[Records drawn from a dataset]
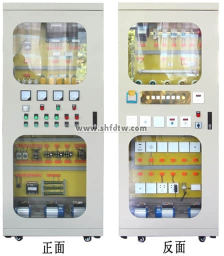 1、本裝置采用正反二面開門的離墻式威圖電氣控制柜,且正反面同時(shí)都可以操作,柜體中寬度能保證兩個(gè)學(xué)生同時(shí)合作接線實(shí)訓(xùn)的需要,其外形尺寸寬×厚×高分別為:800×600×2000 mm。柜體采用厚度為國(guó)標(biāo)1.5以上的優(yōu)質(zhì)鋼板,柜門采用厚度為國(guó)標(biāo)2.0以上的優(yōu)質(zhì)鋼板并安裝四塊大的玻璃,學(xué)生能通過玻璃看清柜內(nèi)各元器件及相應(yīng)的動(dòng)作,金屬表面噴塑,柜體中間有二塊優(yōu)質(zhì)環(huán)氧樹脂絕緣板和相應(yīng)的支架系統(tǒng)隔離正反兩個(gè)柜體,安裝板上安裝智能建筑電氣控制線路各實(shí)訓(xùn)考核模塊。各元器件所有的接線端都連接至相應(yīng)的專用實(shí)訓(xùn)接線端子上,每個(gè)接線端上都套有用電腦打印接線端名稱及編號(hào)的套管,并且更換方便。被控制電機(jī)安裝于電氣控制柜內(nèi)。
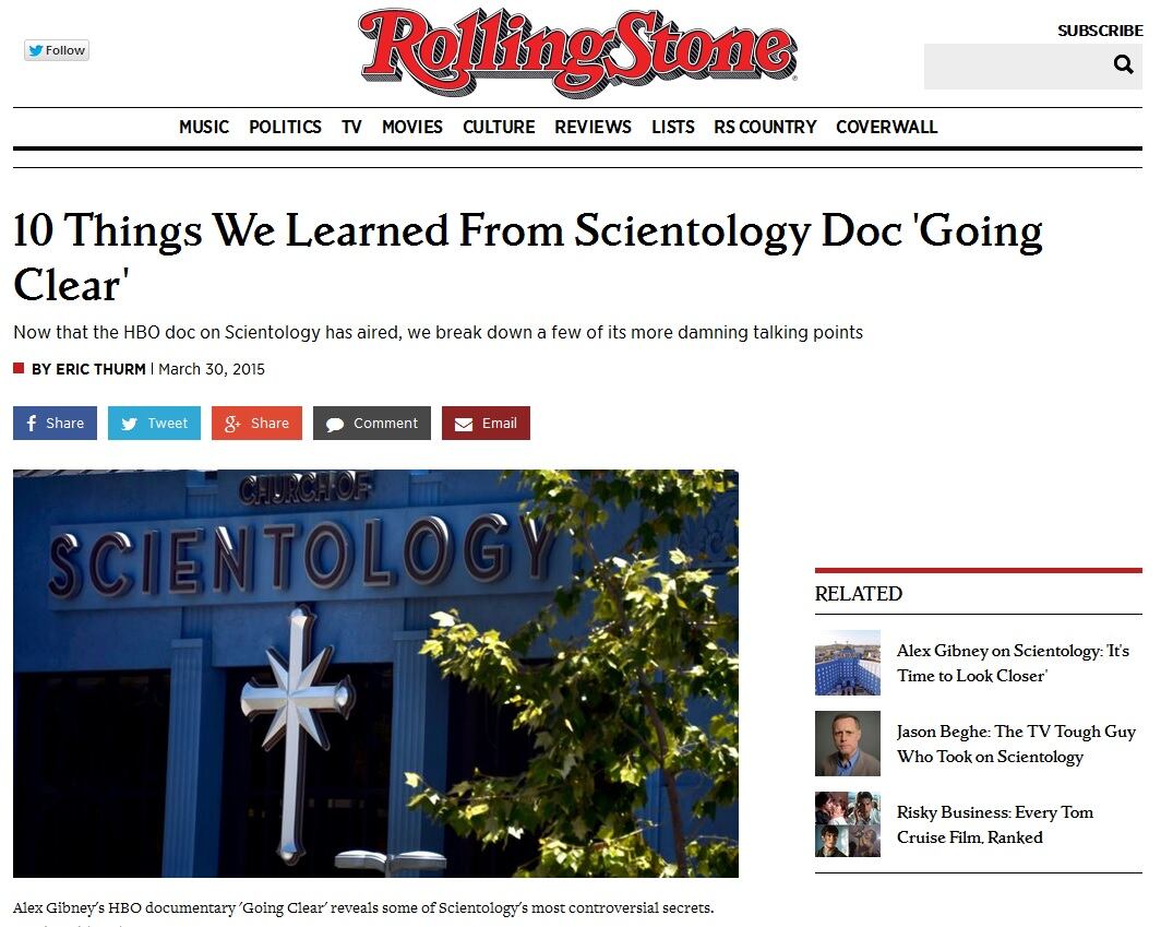 El estreno de Going Clear: Scientology and the Prison of Belief, del canal HBO, reunió este domingo a 1,7 millones de espectadores, la mejor marca para el debut de un documental en ese canal desde el 2006.
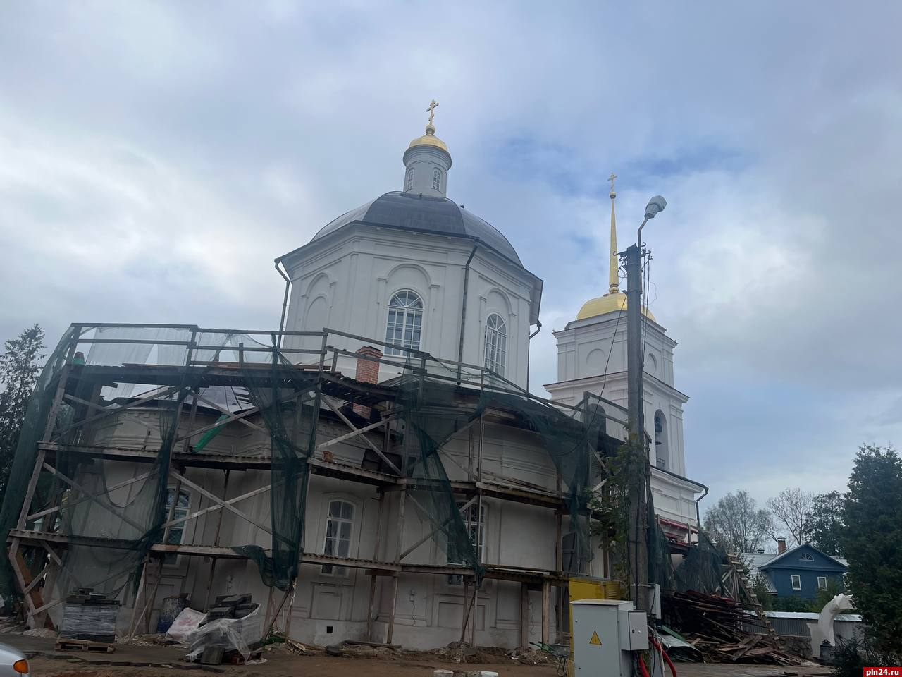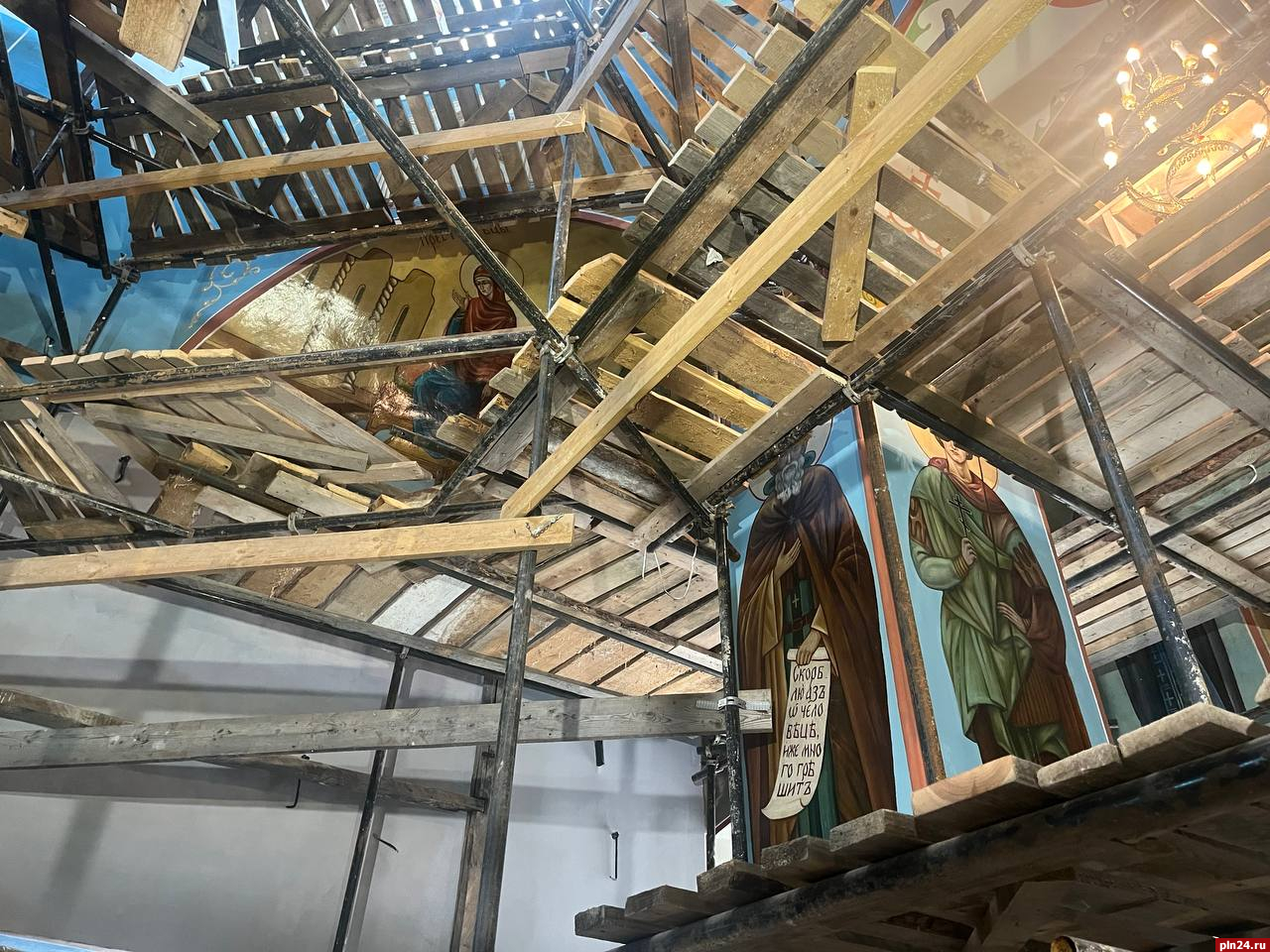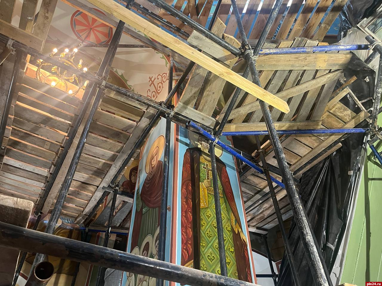 Реставрацией живописи на стенах и сводах храма занимается бригада псковских специалистов из восьми человек.
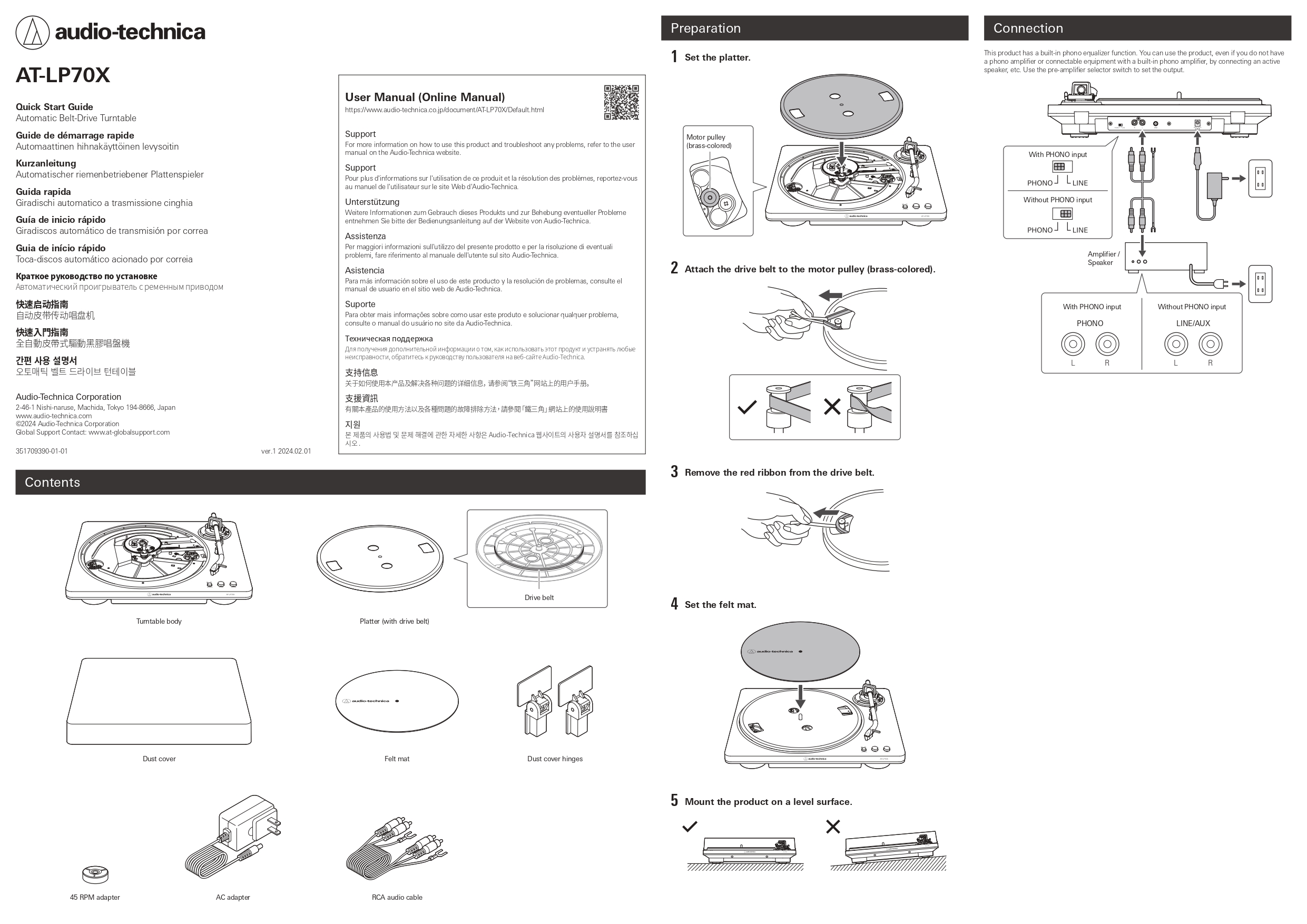 AT-LP70X是一款為黑膠愛好者設計的全自動皮帶驅動唱機。它提供了整合的模擬聆聽體驗,從專輯選擇到享受黑膠唱片的豐富音質。該唱機配備了高性能的AT-VM95C唱頭,整合在J型唱臂中,提供出色的音質和低失真表現。唱頭可透過VM95系列的不同唱針升級,提供普遍只有在高階機型中才有的不同播放體驗。AT-LP70X支援33-1/3和45轉速的唱片,並包括一個可切換的唱頭前級放大器,便於直接連接各種音頻系統,包括家用立體聲組合或有源揚聲器。其三件式抗共振底盤減少了不必要的諧振噪音,而外部供電適配器將交流/直流電源轉移至底盤外部處理,進一步減少了訊號干擾。唱機配有可拆卸的RCA輸出線、一個45轉轉接器和一個可拆卸的防塵蓋。
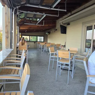 Did not play golf, just ate at the restaurant this week. Beautiful views!We started with the appetizer of shishito peppers and brussel sprouts with a chipotle mayo. Delicious!We both ordered a burger, I had the Swiss Mushroom Burger and the husband had New Mexico Burger. Both good.They don't have a wine list which I thought was strange, and they also do not show one online. I think that would help booze sales. The service was really good. I will be back, on a nice day.
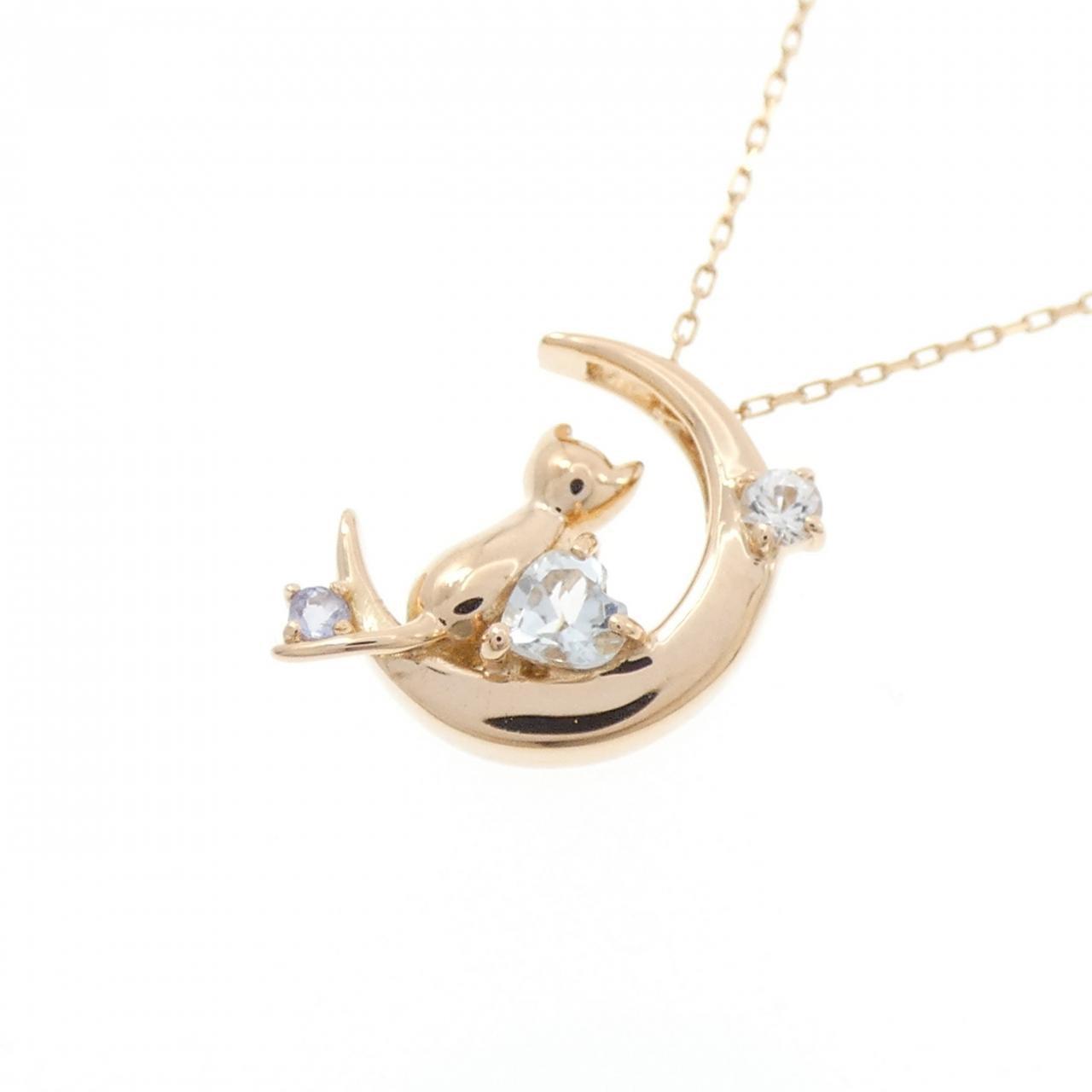 Au750 Cat Moon Color Stone Necklace
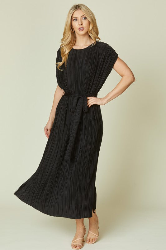 Dolman short sleeve midi dress. Plisse fabric, with a double waist tie. Available in S-XL. $39
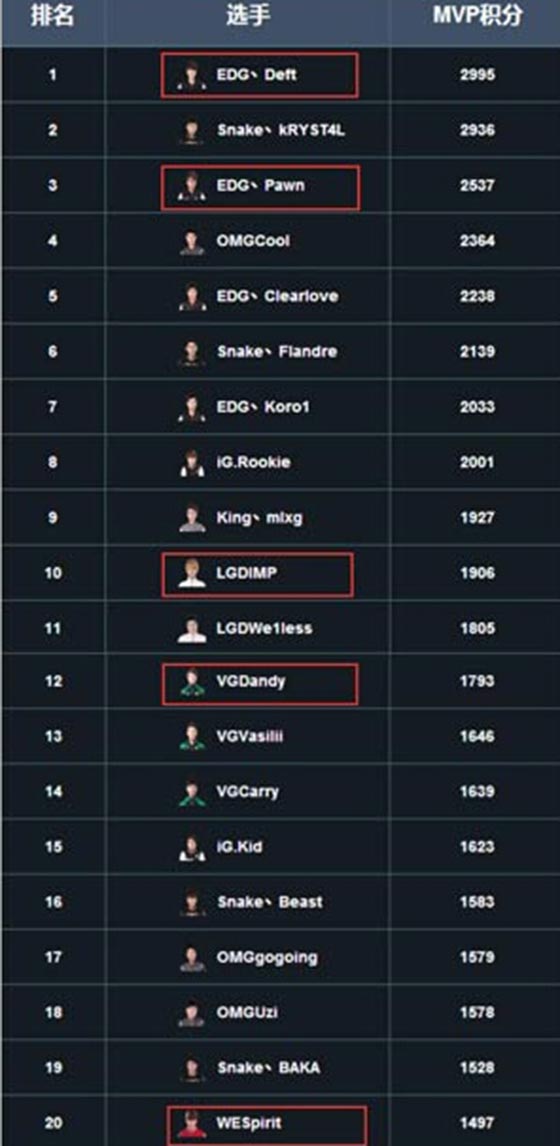 他们的加入不仅为战队注入了新鲜血液,使战队焕然一新,在个人方面也取得了不俗的表现。在LPL常规赛的MVP数据榜上,也能看到他们的身影名列前茅。

__Activity__
Repeat only the stretch of data above that runs from the line with "El estreno de" to the line with "Реставрацией живописи на". Keep both end lines; exclude pictures.

__Response__
 El estreno de Going Clear: Scientology and the Prison of Belief, del canal HBO, reunió este domingo a 1,7 millones de espectadores, la mejor marca para el debut de un documental en ese canal desde el 2006.
 Реставрацией живописи на стенах и сводах храма занимается бригада псковских специалистов из восьми человек.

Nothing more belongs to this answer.